Load networks as a list of igraph objects — loadNetworks • CroCoNet

Loads the TSV files containing the gene-gene edge weights and summarizes them as a list of igraph objects per replicate (i.e. cell line or biological replicate within a species).

Usage

loadNetworks(
  path,
  replicate_names = NULL,
  rep = 1L,
  directed = TRUE,
  min_occurrence = 2L,
  n_cores = 1L
)

Arguments

path: Character, the path where the files containing the gene-gene edge weights can be found.
replicate_names: Character vector, the names of the replicates that were used for network reconstruction.
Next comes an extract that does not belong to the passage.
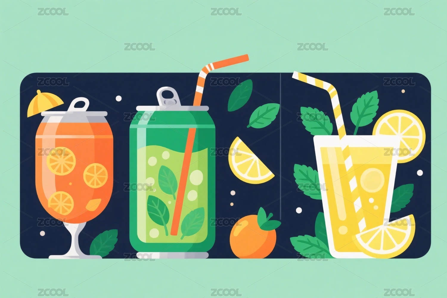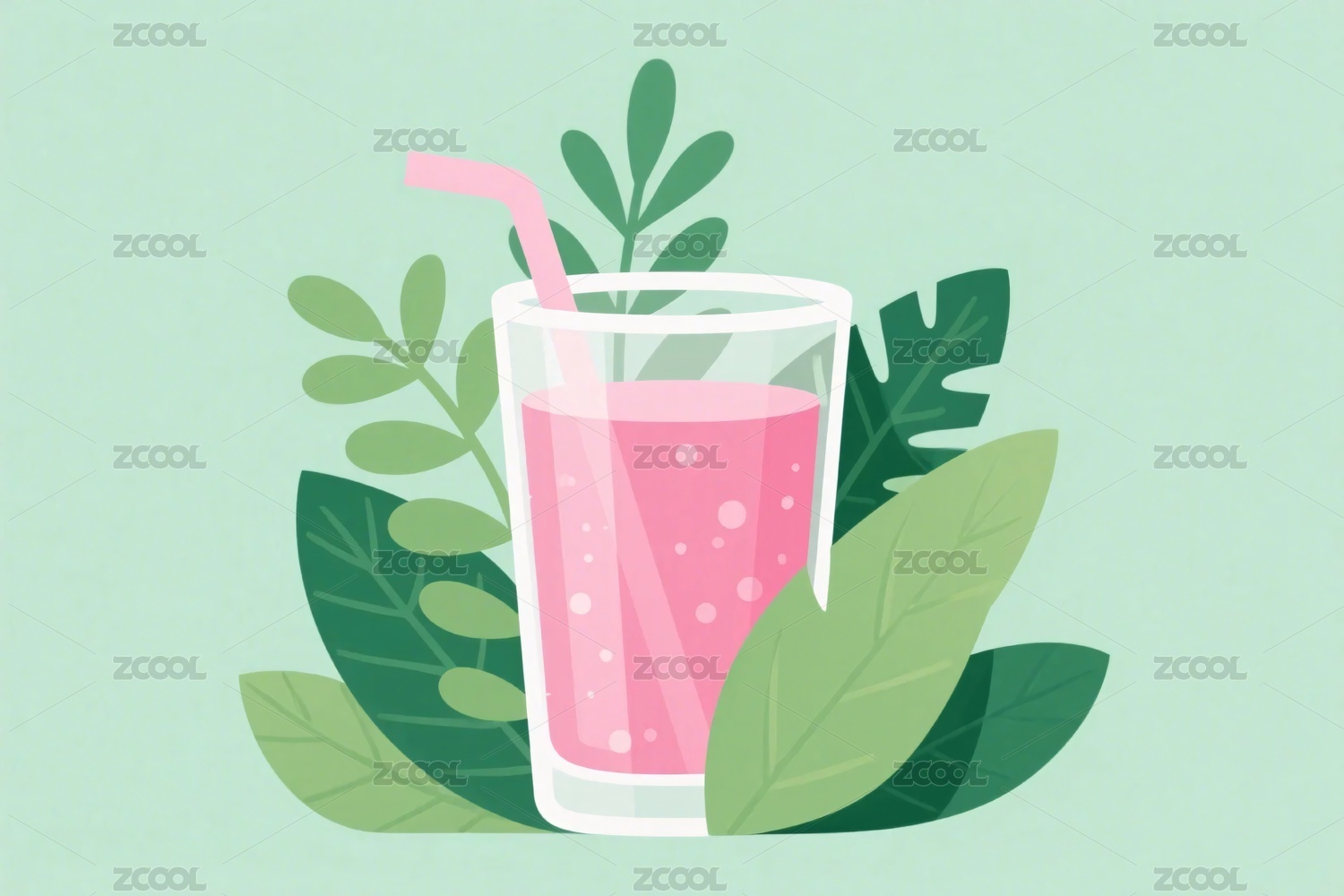 简约,健康,插图,饮料,图画,早餐,牛奶,果汁,蔬菜,水果
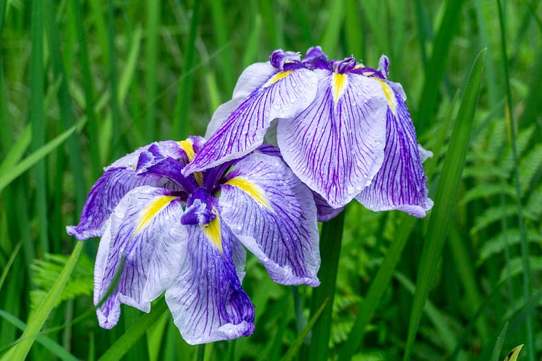 Native to Japan, Iris ensata is commonly known as “Japanese iris” outside of Japan. In Japan, 花菖蒲 (hanashobu) have been cultivated for over 500 years. Oregon and Washington are home to three of the nine specialty nurseries specializing in Japanese irises in the United States. Spuria, according to the American Iris Society’s encyclopedia, “are tall (2 to 5 feet in height) and elegant, and have very attractive foliage.”

These are expected to be the base names of the TSV files (format: nameOfReplicate.tsv or nameOfReplicate_index.tsv). If set to NULL (default), the names are deduced from the file names by stripping anything starting with "_" and ".tsv".
rep: Integer, the number of output files per replicate, e.g. the number of different subsamplings or the number of independent runs in case of a stochastic network inference algorithm (default: 1). If rep > 1, the TSV files are expected to be indexed from 1 to rep for each replicate (format: nameOfReplicate_index.tsv).
directed: Logical indicating whether the network inference method produces a directed output, i.e. whether geneA-geneB and geneB-geneA can both be present among the edges (default: TRUE). For GRNBoost2 this has to be left as TRUE, while for correlation-based methods this has to most likely be set to FALSE.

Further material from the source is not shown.